Interview Highlights: Mark Memmott
…on why reporting politics seems to demand militarized language: “Well a lot of news organizations seem to only be able to tell the story if they put it in very simple terms and the simplest terms sometimes are that there is one side that wants A, the other side that wants B and they are fighting over it and they could never come to some sort of a truce to use another term and settle on anything, there’s no compromise in there. So it’s a simple way to tell the story, can be a very effective and compelling way to tell a story, but it can also be repetitive and listeners, readers, they can pretty tired of that language.”
…on why he’s worried about the surge in militaristic language: “Number one, I just worry that we’re turning off some of the audience. But also, our job, the media’s job is to be clear, to be factual. We don’t want to be boring, but we also want to present things in context and very often when we reach for the easy cliché we’re not giving the context, we’re not telling the full story.
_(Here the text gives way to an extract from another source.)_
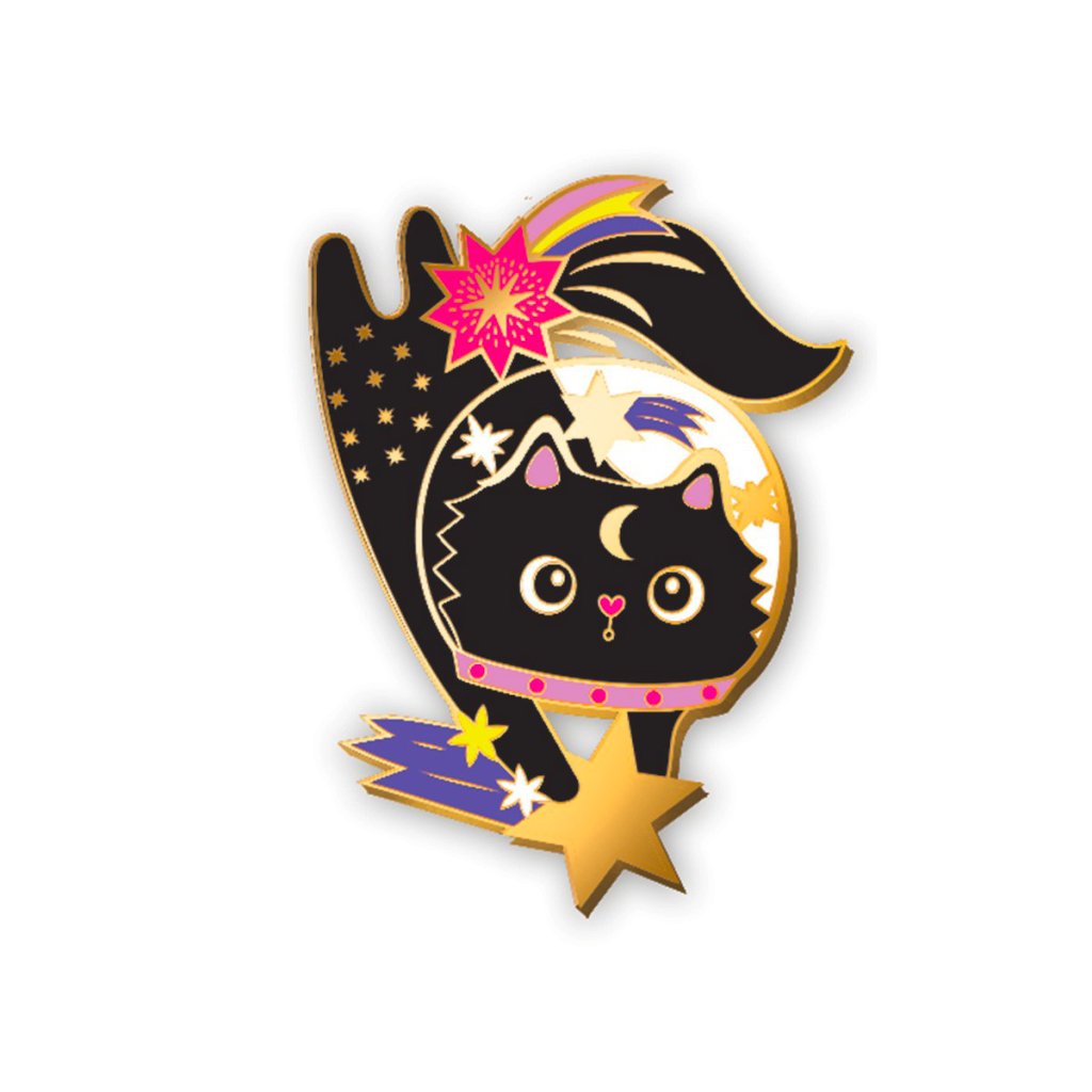 Designový kovový odznáček s motivem kočky v kosmu jako originální módní doplněk.

And I happen to believe that an informed electorate is a good thing, and part of our job is to inform.”
…on whether this is just a media problem: “I think it’s wider than that. I think as a culture we sort of come to be used to that language. We’re certainly used to it when it comes to sports. We’re very comfortable if you will, but I have to think there’s a case to be made we cheapen the real wars and the people who have put their lives on the line for this country, or for other countries.”